I really love DIY projects, and today's post actually came about accidentally. I've had this beautiful, vintage bucket for about a year now, and I've been struggling to find the perfect solution for it. I've tried using it as a bucket for dog toys, flowers and even in my studio. However, it just didn't work. Crazily enough though, while I was despising my hallway light it occurred to me that the bucket would make a better ceiling fixture than a container. And wa-la! The DIY bucket light project was on its way.
Here are a few pictures of the hallway light situation that just was not my style.
You can't see it from these pictures very well, but the light fixture is coated with a film of tar from the previous owners smoking addiction. It's crazy how much older it makes the fixture look then it really is!
Isn't this bucket glorious? I don't know what it is about it, but I've loved it from the moment I saw it. I'm a dork, I know.
So, I started off with removing the glass fixture and hardware.
I was actually hoping that I could just remove the old fixture, install the bucket to the ceiling and have a huge bulb dangling like a pendant light. Unfortunately though, the way that it was installed to the ceiling made it a little more complicated than expected.
For this project I had to enlist Mike to "assist" with the electrical debacle. If you also have a similar situation, PLEASE, please, please make sure to have someone help you remove the light if you do not have any experience in the electrical field.
Since I had to change my plans from my original idea I decided to paint the old fixture and hardware, and bleach/scrub the glass.
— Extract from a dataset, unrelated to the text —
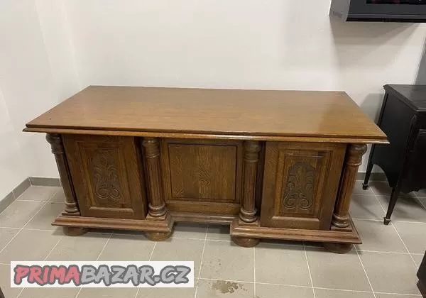 Psací stůl dubový zdobený původní cena 160 tis. Kč nyní jen za 99 tis. Plus nabízím velke psací stoly zdobené Vyroba Polska cena 10 tis. Kč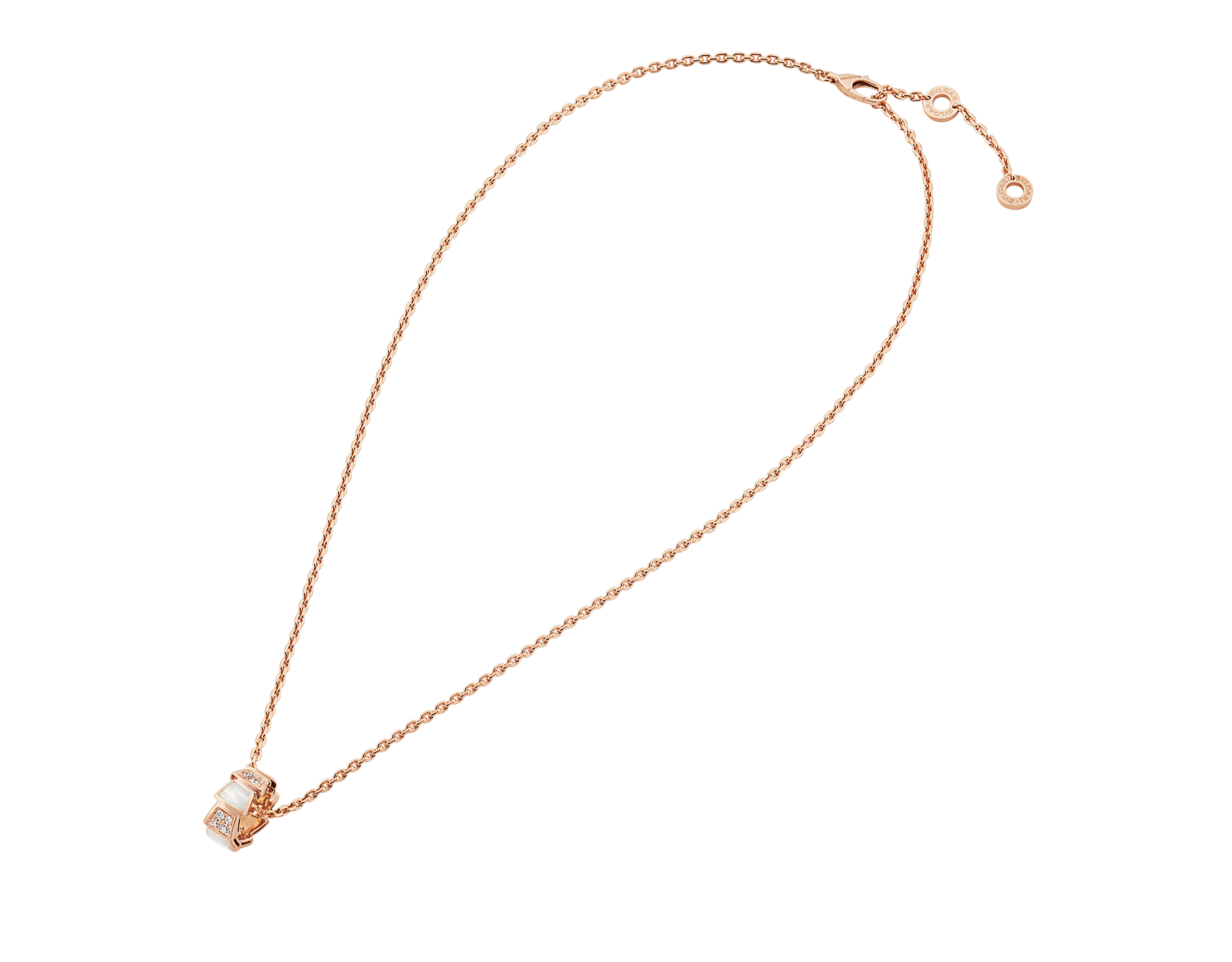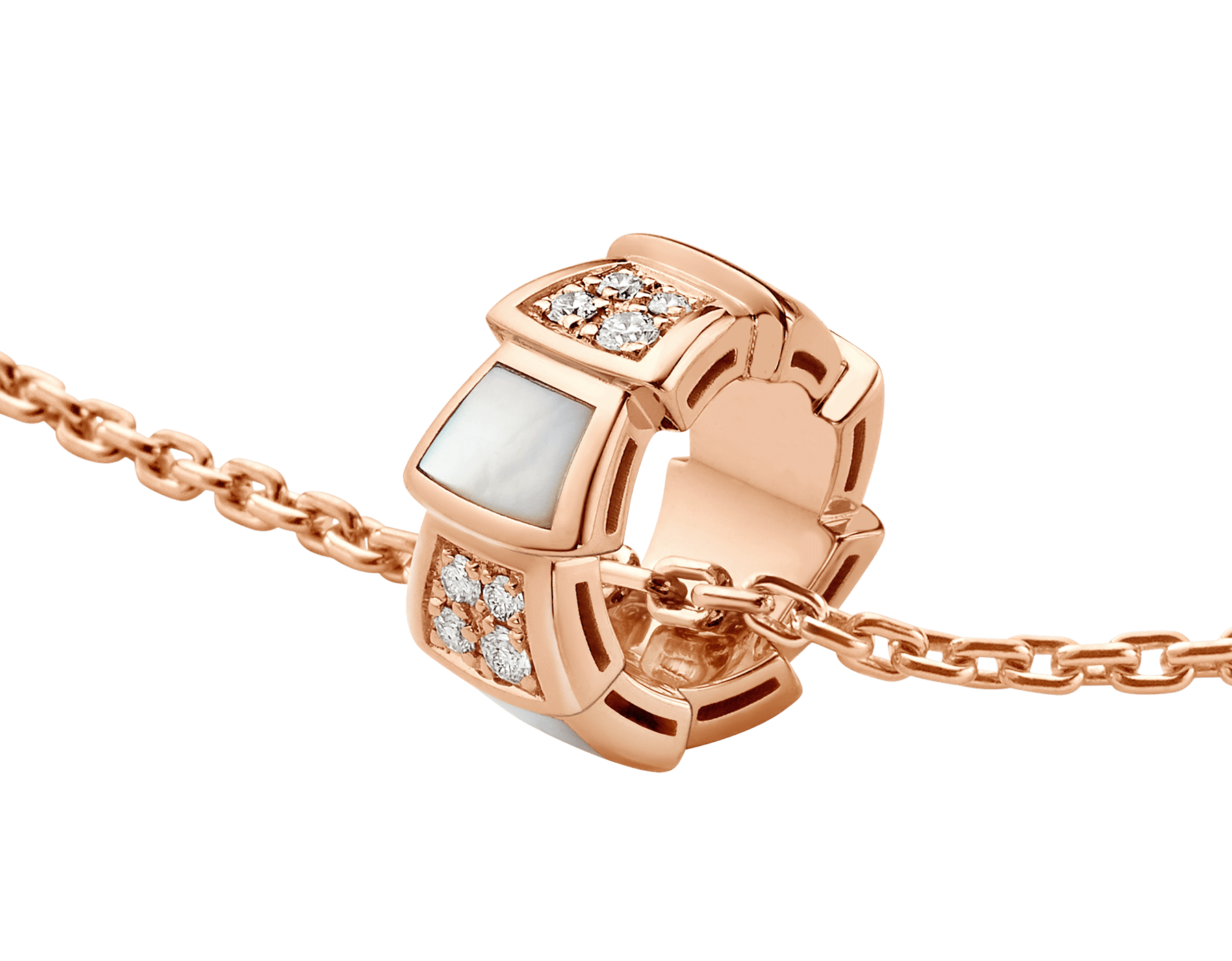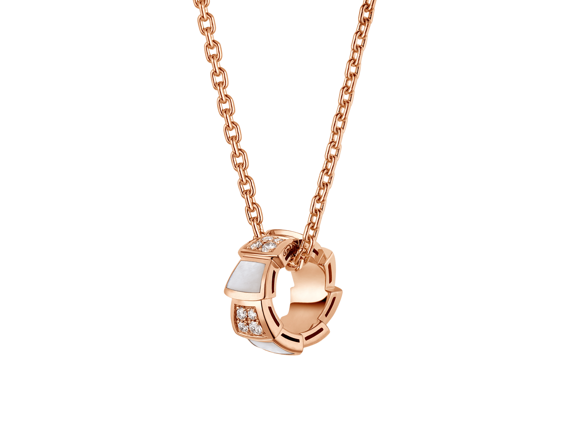 攻撃を仕掛ける前のヘビの渦を巻くような動きを思わせるペンダント。うろこの危険な美しさとしなやかなヘビの動きを融合し、センシュアルにチェーンに巻き付きます。光と影、知恵と欲望、誘惑と欲望が魅惑的に交差。心を奪うようなデザインが、ヘビの抗しがたい二面の本質を露わにしています。 セルペンティ ヴァイパー ネックレス。マザー・オブ・パールのインサートとパヴェダイヤモンドをあしらった18Kピンクゴールド製。

I decided that easiest and quickest way to change the color would be to pull out the handy-dandy spray paint. I absolutely love Rust-oleum's Oil Rubbed Bronze. It's that perfect blend of a metal-look plus a nice, dark color without being black.
As always, make sure to do your spray painting outdoors, or at least in a ventilated garage/room. I also like to use an old canvas to protect my table from the paint, but you can easily use newspaper or cardboard as well. Then, tape off any areas that you do not want to get paint on.
The key to spray painting is to sand off any debris, old paint, etc from your item(s), and then do multiple light coats. When you do thick coats of paint that's when you'll have drips and peeling issues.
Once the light fixture was completely dry (depending on the spray paint that you use you might need to wait 24 hours) we outlined a circle to cut out from the bucket. This way, the bucket will fit perfectly around the light fixture when it is installed into the ceiling.
Since metal can be a little tough I had Mike cut out the circle for me. He first drilled a whole into the bucket so he would have a starting point to put the saw.
Since the edges were a little sharp he used a grinder to smooth them down a little bit.
Then, we made sure the hole was indeed big enough to fit the light fixture. Bingo, we did it right!
Mike then put all of the pieces back together, and installed the light as it originally looked. Doesn't the paint job make it look amazing? It looks brand new!
I then put the bucket on the ceiling, drilled holes into the bucket and ceiling, and got ready to put in the screws.
I highly recommend using drywall hangers to install your bucket. Our bucket wasn't that heavy, but I wanted to make sure that it was securely fastened to the ceiling so we wouldn't have to wonder about it falling down on anyone in the future.
Last, the bucket was installed!
At first I was a little unsure, but I now LOVE the way this light fixture looks. It's the perfect blend of rustic and industrial that we plan on decorating with throughout the entire house.
One light down, 20 more to go… or more! Have a great weekend!